Again, I made myself eat a little something so my brain could function, and for me, brain food is eggs. So I had an egg and some quinoa I had packed up and brought with me to do the virtual junket. I also had my Green Vibrance, which is really helpful. It’s very, very grounding, especially when you’re traveling. It really rests the nervous system and circadian rhythms. I had some of that in the morning too.

After the junket was over, I just felt like I was passing out and thought I had to put some food in my body, so I had defrosted some lamb from Belcampo. I frequent Belcampo a lot when we’re living in normal times. Their meat is really beautiful and clean. I like pretty kind of basic, rustic food but with really beautiful, vibrant ingredients.

My dinner was so basic. It was just the lamb, and I boiled a couple potatoes and I threw some really good butter on it. Kind of trying, but not succeeding, to get back in my body. It’s been a lot of days of not feeling in my body.

Friday, June 5
We had another junket day, and I just ate whatever was left over: a potato, and I mean a tiny little red potato; an egg — my egg is a seven-minute boil; and some avocado. Then I started drinking tons and tons of water to calm down the nervous system and quell the fire running through my body.

A lot of times, also, I just eat one big meal and little things throughout the day, or I’ll eat like a bird for a few days and then a giant meal. A feast on the fifth day. Right now, it’s really just catch as catch can.

I switched over to chicken broth with kale, just to get some greens in my system. It was late at night, at ten o’clock. I had gotten some dried pasta from the Roberta’s out here, when they were selling their larder, so I just boiled that. It was garganelli, broccoli, and Pecorino.

I’m cooking things I know, but I also couldn’t go out and supplement with anything because of the curfew. So I was eating whatever I had in my house and could defrost, like that chicken broth that was also a Belcampo broth I had in my freezer. It was kind of like forcing myself to stay alive by putting sustenance into my body.

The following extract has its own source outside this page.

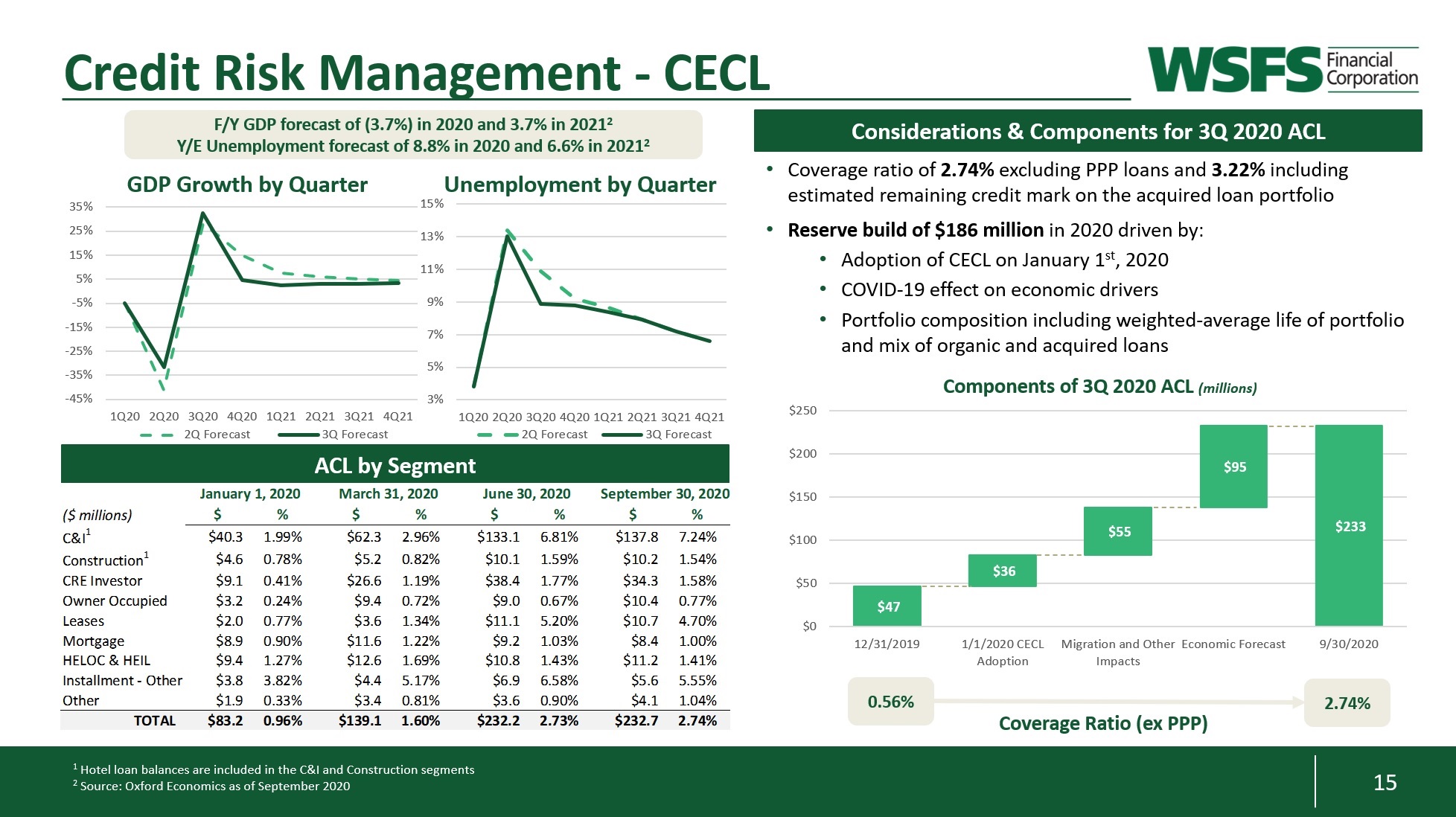 14 3 Credit Risk Management – Selected Portfolios Hotel Portfolio Retail Trade Portfolio Retail CRE Portfolio Food Services Portfolio 1 Portfolio values are gross loans excluding PPP as of September 30, 2020 2 Current exposure / most recent valuation 3 Essential includes grocery, pharmacy, liquor, general merchandise, bank branch, gas/vehicle/convenience, home improvement, an d government $266.9 million; 3.1% of loan portfolio 1 • 10% of balances Criticized • $271 thousand average loan balance size • ~90% of loans include recourse • 77% of portfolio consists of businesses deemed essential 3 $183.4 million; 2.1% of loan portfolio 1 • 31% of balances Criticized • $325 thousand average loan balance size • ~80% of loans include recourse • ~50% of loans secured by real estate $516.9 million; 6.1% of loan portfolio 1 • 48% of balances Criticized • $5.8 million average loan balance size • 76% of loans include recourse; 100% secured by real estate • Conservative underwriting with current weighted average LTV of ~55% 2 • 65% Business and 35% Leisure • Diversified across 8+ states (43% PA, 21% NJ, and 15% DE) $734.3 million; 8.6% of loan portfolio 1 • 7% of balances Criticized • $1.2 million average loan balance size • 65% of relationships, $5 million or more, include recourse • No outstanding loan balances to indoor shopping malls; limited exposure to power centers • 49% of portfolio consists of businesses deemed essential 3

In my particular county, or neighborhood, the curfew was consistently at four o’clock. So I couldn’t go out. All of my things that were grounding anchors weren’t there, but there were way more pressing matters, like getting out into the streets.

Saturday, June 6
I was down to pretty much eating baby food.

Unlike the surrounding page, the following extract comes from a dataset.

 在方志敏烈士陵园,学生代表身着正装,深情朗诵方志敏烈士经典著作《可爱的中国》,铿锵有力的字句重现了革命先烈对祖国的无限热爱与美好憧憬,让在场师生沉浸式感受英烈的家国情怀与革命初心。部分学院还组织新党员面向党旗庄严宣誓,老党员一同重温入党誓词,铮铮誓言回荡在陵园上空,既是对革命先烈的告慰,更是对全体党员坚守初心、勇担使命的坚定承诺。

I took a dance class online, the 360 Emergence — she kind of is preaching while she is DJ-ing. It’s really related to current events, and really a place where you can get in your body and feel and have your emotions while you’re moving. So that was my remedy. I stayed home. That was a very big day in the streets.

Had three apricots, and later in the day a banana and almond butter in a mush with oat milk. It came down to mush, finally. My brother, Adam, made bagels, and he drove by to drop off some. He has been perfecting his bagel game throughout COVID. He has been cooking this whole time — he’s a fantastic cook. He had started Lupetti pizzeria, and the bar next door, In Sheep’s Clothing, but he left at the end of last year. The great thing for me is he is constantly cooking and always delighting and surprising me with special little treats. The bagel thing was recent. He’s been cooking lots of things through this whole time, and that’s a de-stressor for him too.

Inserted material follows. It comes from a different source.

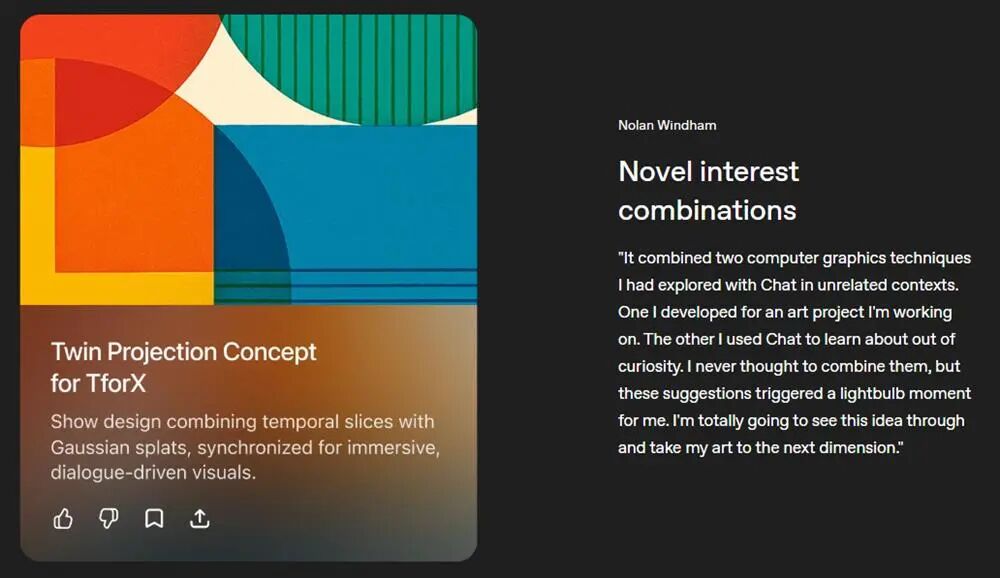 还有用户体验到了Pulse的“兴趣组合”能力。他回忆道:“它把我和它在不同对话里探讨过的两种计算机图形学技术结合了起来。一种是我艺术项目里用到的,另一种是我出于好奇学的。我从没想过要把这两者结合,但它的建议让我灵光一闪。我打算把这个想法实践出来,让我的艺术作品迈向一个新的维度。”

So I got a little bit of family love that way and had a bagel with butter and still had more carbs: more garganelli with Pecorino. I had basically all boring foods. At 9 p.m., I broke curfew that night and went over to my friend’s house to sleep again, so that’s where I finally had the two little lamb chops and just started drinking a bunch of mezcal at that point. That mezcal is a really sacred, beautiful mezcal I had gotten from a small farm in Oaxaca and brought back. And it was infused with marijuana. It’s real.

I feel so silly talking about this at all, actually. It’s really just an emotional experience and a spiritual experience, this liberation and birth canal that we’re all in, being led by such visionaries. It’s extraordinary.